8 Surprising Foods That Help You Sleep

1. Cherries
Sour cherries are one of the few foods to contain significant amounts of melatonin, a hormone produced naturally by the body that helps control your sleep-wake cycle. Studies show that a glass of sour cherry juice before bedtime can encourage sound sleep and may help tackle insomnia.

2. Oats
Oats contain a natural sedative which can help improve the symptoms of insomnia and anxiety, without any side effects. A tea made from oat straw is a traditional remedy for insomnia – simply add some of the dried herb to a cup of boiling water and let it infuse for about 15 minutes.

3. Chamomile
Chamomile also has natural sedative properties, which benefit the immune system by helping to lower levels of immune-compromising stress hormones. It is a classic remedy for sleep disturbances. Try drinking a cup of chamomile tea in the evening, before bedtime.

4. Goji berries
Goji Berries can help soothe nerves and promote restful sleep. You can eat the dried berries or drink goji berry juice.
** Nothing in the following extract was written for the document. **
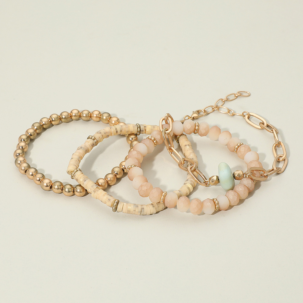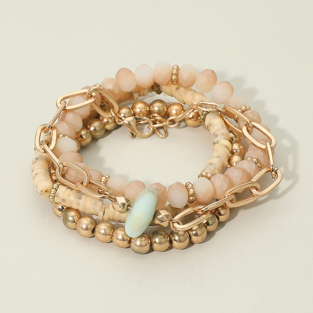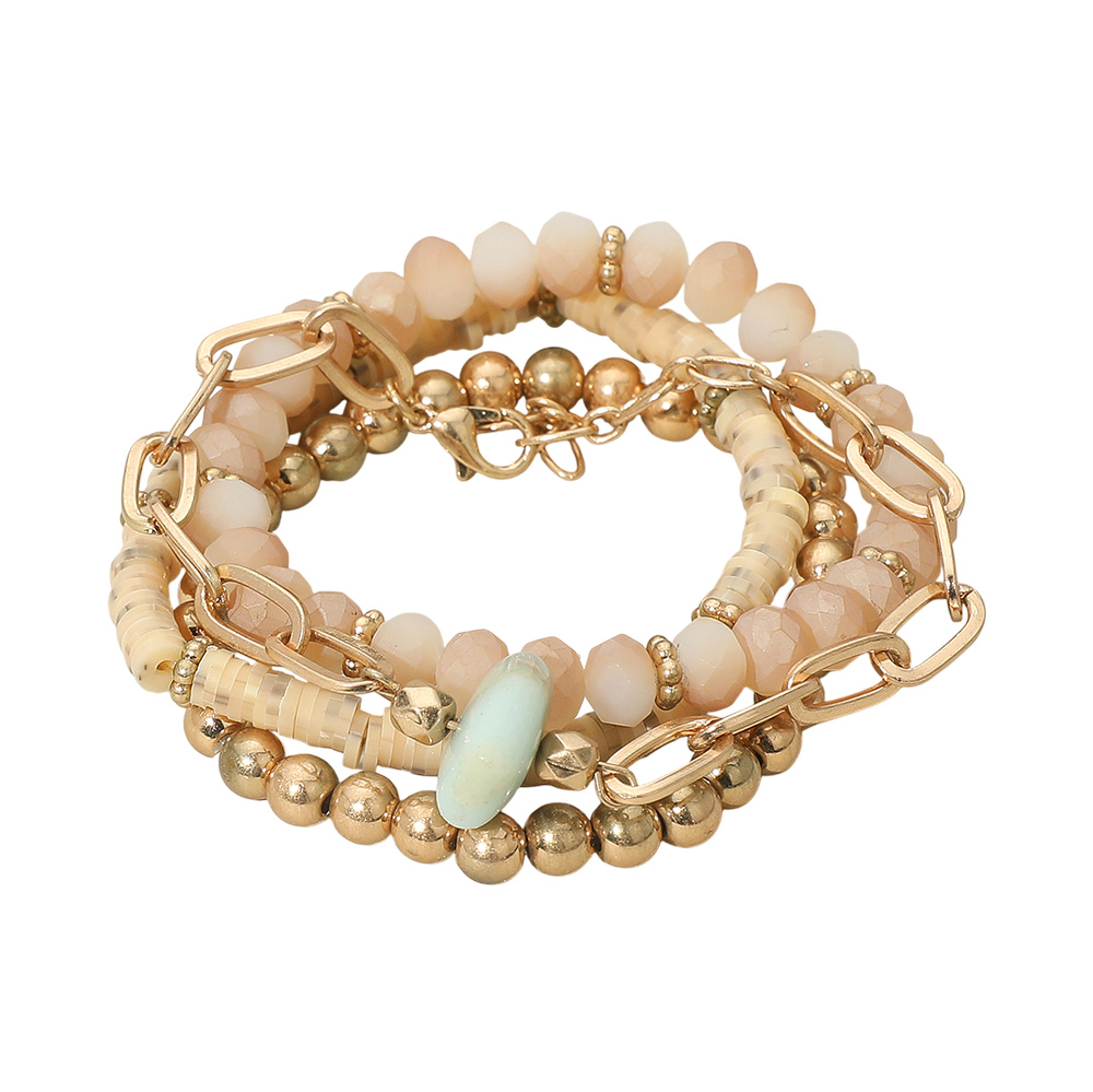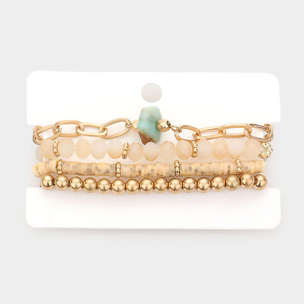 4PCS - Natural Stone Accented Chain Bracelet Multi Beaded Stretch Bracelets Set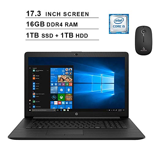 • 2020 Newest HP Pavilion 17.3 Inch Laptop (Intel Quad-Core i5-8265U up to 3.9 GHz, 16GB RAM, 1TB SSD (Boot) + 1TB HDD, Webcam, DVD, Windows 10) (Black) + NexiGo Wireless Mouse Bundle

They are rich in antioxidants that also benefit cardiovascular health, muscle health and vision.

5. Milk 
Milk is a good source of B vitamins, especially B12, which contributes to the healthy functioning of the brain and nervous system and for helps to regulate the sleep/wake cycle. Drinking warm milk mixed with raw honey, in the evening, can help encourage a peaceful sleep.

6. Millet
Millet ranks the sixth most important grain in the world and sustains around one third of the global population. It is considered to be one of the most digestible grains available.
It contains substantial amounts of tryptophan, an amino acid that can help induce a good night’s sleep. 

7. Lettuce
The dark, bitter lettuce leaves contain substances which can relax nerves, reduce palpitations and induce sleep, e.g. Cos or Romaine Lettuce.

8. Bananas
The Vitamin B6 in bananas regulates the nervous system and helps promote healthy skin, while the amino acid tryptophan may help reduce symptoms of anxiety and insomnia.

To Conclude,
It’s important to keep in mind that your sleep environment and night-time routine (i.e. sleep hygiene) play a crucial role in your ability to sleep well. Some foods may help with sleep in general, but they will be more effective when you have good sleep hygiene.